-- Data provided --
______

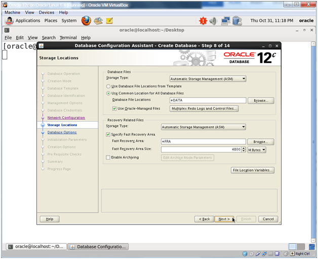 Change Database File Locations from +FRA to +DATA.
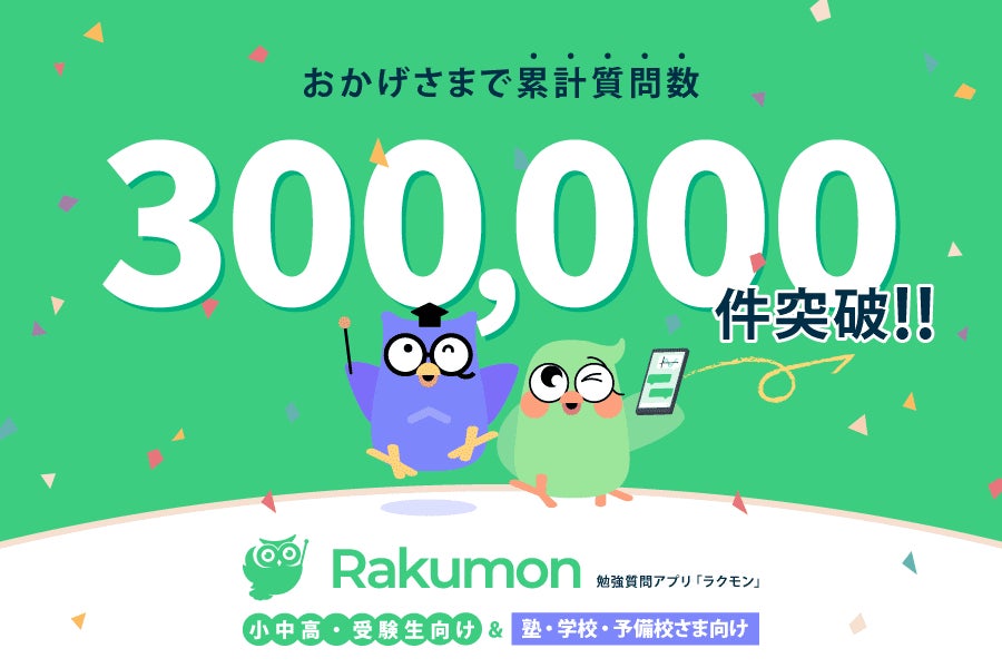 勉強質問アプリRakumon(以下、ラクモン)の累計質問数が30万件を突破しました。スマホ1台で“わからない”をすぐに解決できるアプリとして、小学生から大学受験生まで幅広くご利用いただいてます。
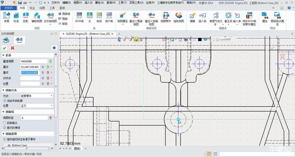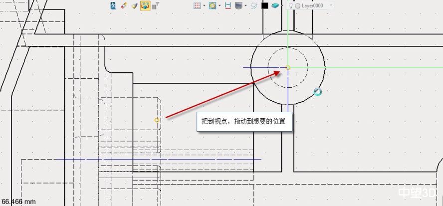 1、如果需要修改剖视点的位置,只需要激活选定点,左键选择,拖动点到你需要的位置即可。

______

-- Your instructions --
Restate the whole listing above exactly, please, omitting every image.

-- Solution --
 Change Database File Locations from +FRA to +DATA.
 勉強質問アプリRakumon(以下、ラクモン)の累計質問数が30万件を突破しました。スマホ1台で“わからない”をすぐに解決できるアプリとして、小学生から大学受験生まで幅広くご利用いただいてます。
 1、如果需要修改剖视点的位置,只需要激活选定点,左键选择,拖动点到你需要的位置即可。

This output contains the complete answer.